I want to find Max horizontal range without

[Saladsamurai]

using [tex]\frac{v_0^2}{g_0}=R_{max}[/tex] for this problem:

You buy a toy dart gun and you want to calculate its Max Horizontal Range. You fire the gun straight upward and find that it takes 2.9 seconds for the dart to leave the barrel and then return to the barrel.

Can this be done without the formula. I already tried this:

[tex]V_y=v_{oy}+a_yt[/tex] to find that [tex]v_{oy}=14.21[/tex] I used v_f=0 and t=1.45 to find v_y initial. Now that should be equal to the magnitude of just plain [tex]v_0[/tex] right? or is that a false assumption?

 

[learningphysics]

Yes, so the vo for the gun is 14.21m/s. That's correct.

Why can't you use that formula?

Strange... because I don't see how to calculate the maximum range without ultimately using or deriving that equation...

 

[Saladsamurai]

Yes, so the vo for the gun is 14.21m/s.
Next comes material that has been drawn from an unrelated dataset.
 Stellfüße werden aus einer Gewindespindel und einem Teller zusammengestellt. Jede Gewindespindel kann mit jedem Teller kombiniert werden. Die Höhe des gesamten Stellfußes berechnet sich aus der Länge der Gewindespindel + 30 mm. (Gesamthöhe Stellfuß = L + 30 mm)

That's correct.

Why can't you use that formula?

Strange... because I don't see how to calculate the maximum range without ultimately using or deriving that equation...
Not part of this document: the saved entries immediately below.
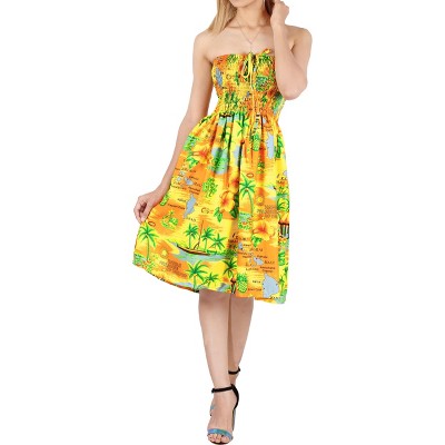 LA LEELA Women's Tube Dress Top Dress Evening One Size Yellow Island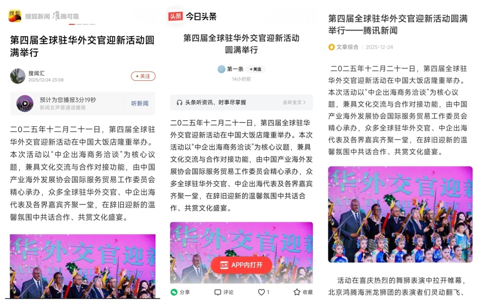 本次2026全球驻华外交官迎新晚活动的高规格与广泛影响力,吸引了包括网易、腾讯、搜狐、今日头条等在内的多家主流媒体进行现场报道。它们从“经济合作桥梁”与“人文交流纽带”等多重角度进行解读,将这场盛会的声音传递至全国乃至世界。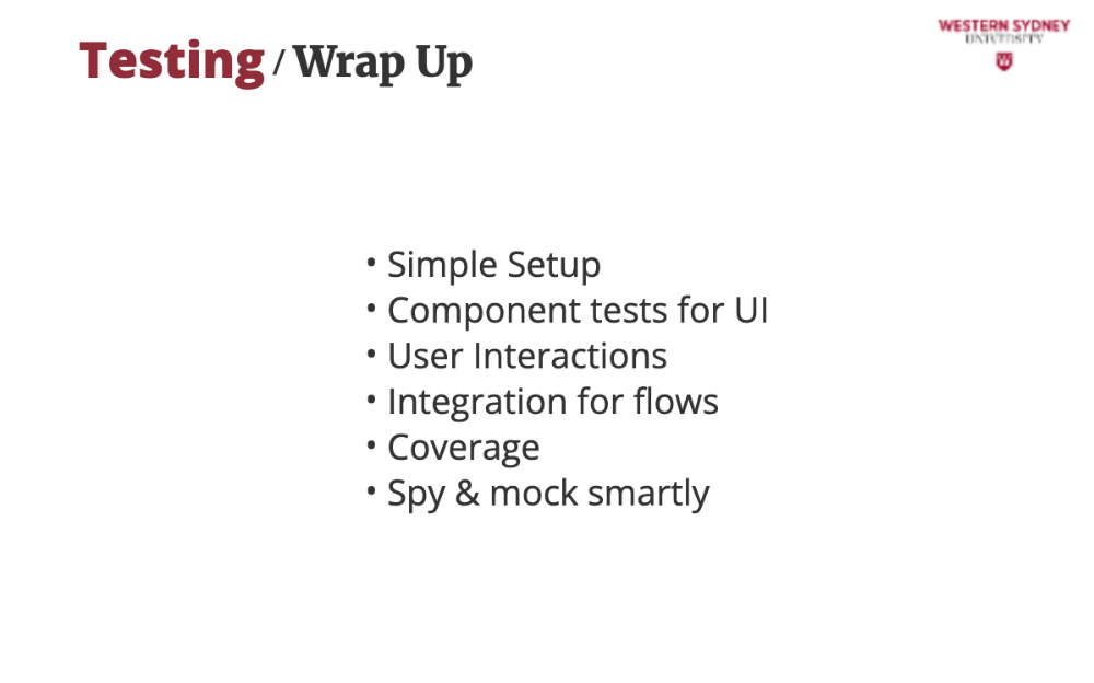 On this line, we will test whether the console log was called with the text Hello World! There are many other assertions that you can use with spies; please check out the documentation.

Well, I can...but I don't want to; I want to derive it but I am having trouble arriving at the same number I get by using the range formula.

I am assuming that I get max range at 45 degrees...is that not correct?

So range would equal [tex](v_0)_x*t=14.21\cos45*t[/tex] Right? BUt what do I use for t? I must have to eliminate it..huh?

 

[Saladsamurai]

I got it. I used [tex]v_y=v_{oy}+at[/tex] to find t and then multiplied it by 2 to get [tex]\frac{14.21sin45}{4.9}=t[/tex] in [tex]\Delta x=v_{ox}*t[/tex] and got the exact same number...sweet.

Thanks again LP,
Casey